Эти два снимка гнетут меня. Подкравшись в ресторане, портят мне ужин. Не дают покоя дома. Я не могу сомкнуть глаз, хотя принял две таблетки снотворного… Адель, Сихем… Сихем, Адель… Автобус Тель-Авив-Назарет…
Она попросила, чтобы ее высадили, говоря, что ей очень нужно, и, выйдя из автобуса, пересела в машину, ехавшую за ним… Кремовый «мерседес», старая модель. Точно такой же попался мне на глаза в заброшенном складе в Вифлееме. Это машина Аделя, похвастался Ясер… Сихем в Вифлееме — короткий визит перед терактом… Слишком много совпадений, это не может быть случайностью.
Я сбрасываю одеяло. На будильнике пять утра. Я одеваюсь, сажусь в машину и еду в Кафр-Канну.

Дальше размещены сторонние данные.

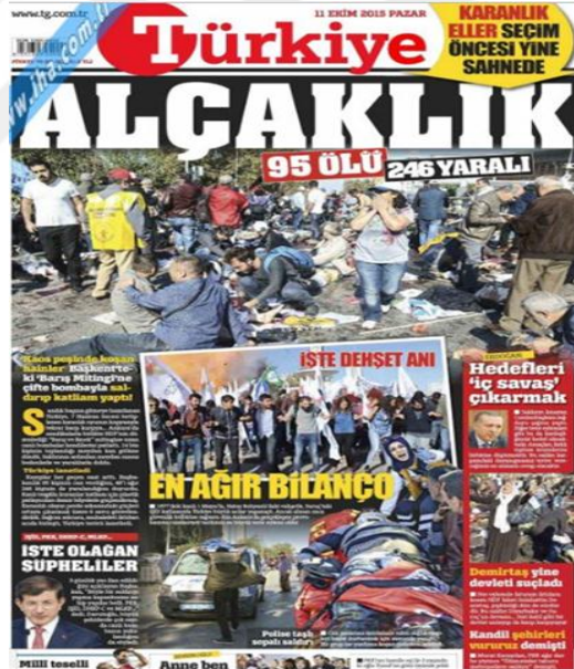
Görsel 4.1. Türkiye Gazetesi Ankara Gar Saldırısına İlişkin İlk Sayfa Haberi (Türkiye, 11 Ekim 2015: 1)

saldırıyı manşetten, ‘Alçaklık’ (Türkiye, 11 Ekim 2015: 1) başlığı ile vermiştir. Haberde kanlı bir fotoğraf kullanılarak patlamanın etkisini gözler önüne sermiştir. Ancak kanlı bir fotoğraf ve yoruma dayalı bir başlık olaya ne kadar duygusal yaklaşıldığını da göstermektedir. Yayınlanan ilk haberlerin ardından ele alınan bir haftalık süreç boyunca patlama haberleri yapılmaya devam edilmiştir. Gazete, haberlerde genel olarak öznel bir dil kullanmış ve başlıklarını yoruma dayalı atmıştır. Alıntı yapılan başlıklarda genellikle konuya yönelik devlet yetkililerinin sert açıklamaları yer almıştır. ‘Gerekirse PYD’yi de vururuz’ (Türkiye, 14 Ekim 2015: 1) alıntı yapılan başlıklardan biri iken yoruma dayalı başlıklar; ‘Kalles iş birliği’ (Türkiye, 15 Ekim 2015: 1), ‘Acıya saygı lütfen’ (Türkiye, 13 Ekim 2015: 1) şeklinde terör eyleminin nasıl gözüküğünü ve etkisini yansıtmaktadır. Saldırıların sonrasında HPY’ ye karşı tutum da oldukça net ‘HDP Acıyı çalıyor’ (Türkiye, 16 Ekim 2015: 1) başlığıyla birlikte HDP’ nin acıya saygı duymadığı düşüncesinin manşetlerde yer bulmuş halini yansıtıyor.
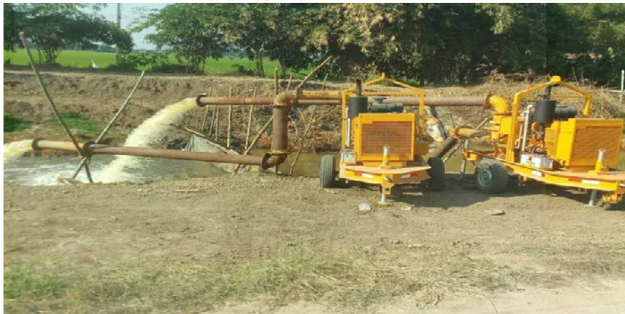
ภาพที่ 3.8 เครื่องสูบน้ำ

17.4 งบประมาณปี พ.ศ. 2560 ได้รับการสนับสนุนโครงสร้างพื้นฐานเกี่ยวกับวัสดุ อุปกรณ์เครื่องสูบน้ำ 2 เครื่อง เพื่อช่วยเหลือบรรเทาความเดือดร้อนของเกษตรกรที่ทำนาภายในเขตพื้นที่ตำบลวังพัฒนา ตามหนังสือขอรับการสนับสนุน ที่ อย 81801/52 ลงวันที่ 6 กุมภาพันธ์ 2560 เรื่อง ขอรับการสนับสนุนเครื่องสูบน้ำ รวมระยะเวลาดำเนินการ 15 วัน ตั้งแต่วันที่ 10 ถึง 24 กุมภาพันธ์ 2560 โดยองค์การบริหารส่วนตำบลวังพัฒนา จะสนับสนุนน้ำมันเชื้อเพลิงเครื่องสูบน้ำ จำนวน 50 ลิตร ต่อเครื่องต่อวัน

На ферме никого. Сосед рассказывает, что бабушку отвезли в больницу в Назарет; Аббас, ее племянник, поехал с ней. В больнице мне говорят, что увидеть пациентку невозможно: ее забрали на срочную операцию. Кровоизлияние в мозг, сообщает медсестра. Аббас дремлет на скамейке в приемном покое. При виде меня он даже не поднимается с места. В этом он весь — грубый, равнодушный, как заржавевший крючок. В пятьдесят лет он не женат, дальше фермы нигде не был, не доверяет женщинам и горожанам, бегает от них, как от чумы, и предпочитает целый день вкалывать не разгибая спины, чем в обеденное время садиться за стол с кем-то, от кого не несло бы рабочим потом и землей. Это неотесанный мужлан с хищной складкой губ и каменным лицом. На нем покрытые грязью сапоги, рубашка, побелевшая под мышками от пота, и стоящие колом, скорее всего брезентовые, штаны жуткого вида. Он коротко объясняет, что нашел тетку лежащей на земле с открытым ртом, что он тут уже много часов, а дома собаки сидят на цепи, он забыл их отвязать. То, что с бабушкой случился удар, его беспокоит мало.
Мы ждем в вестибюле, и наконец к нам выходит врач и говорит, что операция закончилась. Состояние бабушки стабильное, но шансов выкарабкаться у нее практически нет. Аббас спрашивает, можно ли ему вернуться на ферму.
— Мне кур надо кормить, — бурчит он, едва слушая доктора.
Он садится в ржавый грузовик и устремляется в Кафр-Канну. Я следую за ним на своей машине. Только справившись с делами по хозяйству, иначе говоря — в конце дня — он замечает, что я все еще тут.
Он подтверждает, что многократно видел Сихем в обществе парня на снимке. В первый раз — когда вернулся в парикмахерскую, чтобы отдать ей кошелек, забытый в кабине грузовика. Тогда-то он и заметил, что Сихем разговаривала с этим парнем. Поначалу ничего плохого не подумал. Но потом, видя их вместе в разных местах, начал что-то подозревать. Когда парень с фотографии взял моду шляться около фермы, Аббас пригрозил, что размозжит ему голову заступом. Сихем страшно обиделась и с тех пор в Кафр-Канне не бывала.
— Это невозможно, — говорю я. — Сихем провела с бабушкой праздник окончания Рамадана и Айд-эль-Кебир.
— Говорю тебе, как я шуганул этого бездельника, так ее здесь больше и не видели.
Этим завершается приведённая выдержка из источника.